Question

In the circuit diagram shown, $X_C=100\Omega ,X_L=200\Omega$ & $R=100\Omega$. The effective current through the source is

• A. $2\text{A}$
• B. $2\sqrt{2}\text{A}$
• C. $0.5\text{A}$
• D. $\sqrt{0.4}\text{A}$

Answer 1

The correct option is B $2\sqrt{2}\text{A}$

Given:
$X_C=100\Omega ,X_L=200\Omega ,R=100\Omega ,$ $V_{rms}=200\text{V}$

Here, the inductor and the capacitor are in series combination. Their effective reactance is given by

$X=(X_L-X_C)=200-100=100\Omega$

This combination is in parallel with the resistance.
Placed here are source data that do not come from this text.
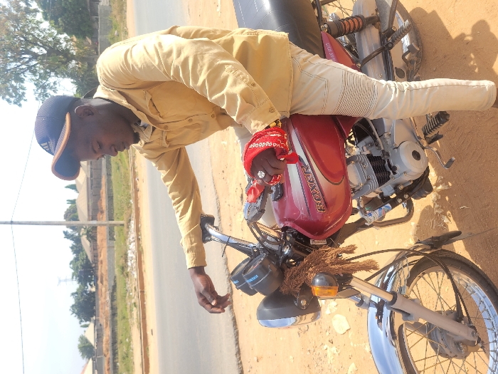 A young adult male is depicted seated on a red Bajaj Boxer motorcycle, positioned on a dirt ground next to a paved road in Suleja, Nigeria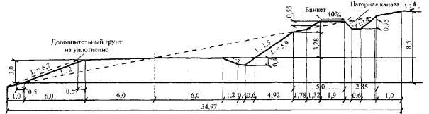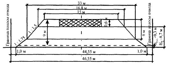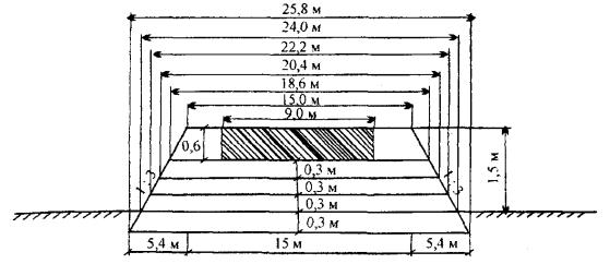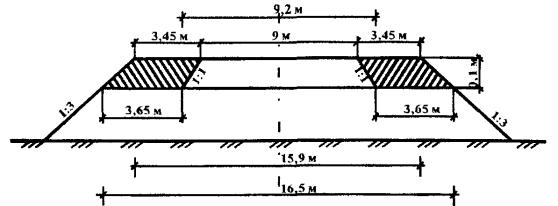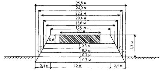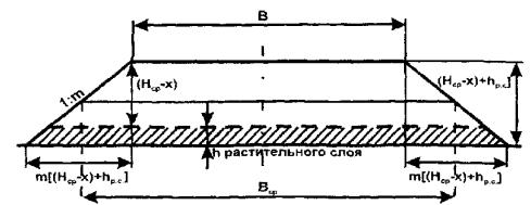 где V - общий объем земляных работ на линейном участке, м3; Kв - 0,80 - 0,90 - коэффициент внутрисменного использования рабочего времени для различных землеройных машин. Рис. 1. Осредненный поперечник земляного полотна для участка линейных работ Примечание. Осредненный поперечник земляного полотна для участка линейных работ (рис. 1) предполагает возведение земляного полотна с присыпными обочинами. При этом насыпь отсыпают несколько шире (на «mx» с каждой стороны), чем предусмотрено проектной отметкой и ниже на величину «x»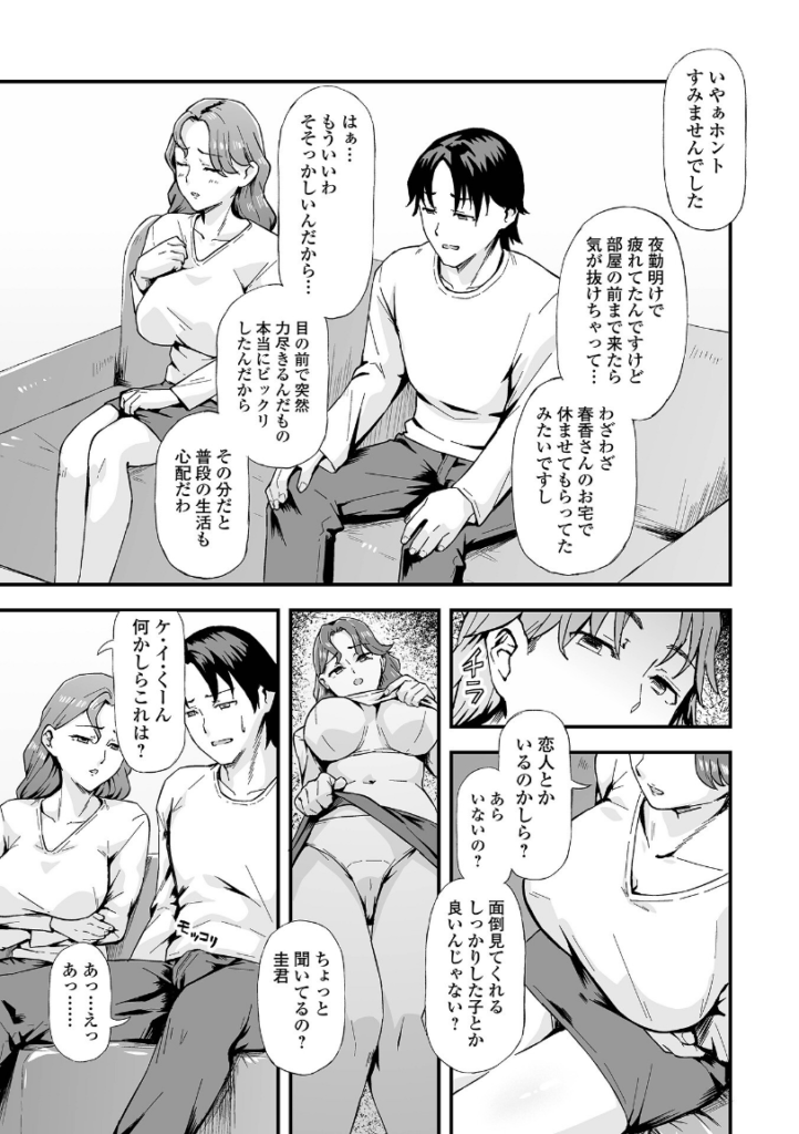 その姿に彼の股間が反応し、それを見逃さなかった奥さんは自室に彼を引っ張り込む。大きくして辛いなら私が抜いてあげると、彼の逸物を握りしめ…!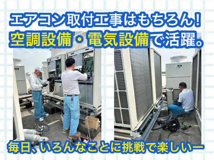 取り付け作業だけでなく、配管設計・電源接続・試運転・工程管理など多岐にわたる業務。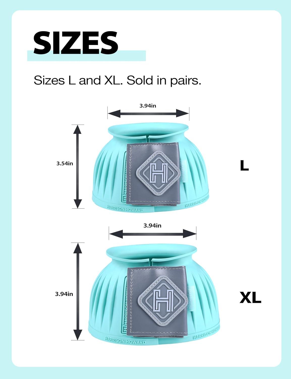 Harrison Howard Rubber Pull-on Bell Boots with Fleece Lining and Touch-Close Tapes Hoof Overreach Protection for Horses(Turquoise)

The effective impedance of the whole circuit is,

$Z=\frac{1}{\sqrt{\frac{1}{R^2}+\frac{1}{X^2}}}=\frac{1}{\sqrt{\frac{1}{{100}^2}+\frac{1}{{100}^2}}}$

$\Rightarrow Z=\frac{100}{\sqrt{2}}\Omega$

Therefore, the effective current $\left(rms\right)$ flowing in the circuit is,

$I_{rms}=\frac{V_{rms}}{Z}=\frac{200}{\frac{100}{\sqrt{2}}}=2\sqrt{2}\text{A}$

Hence, option $\left(B\right)$ is correct.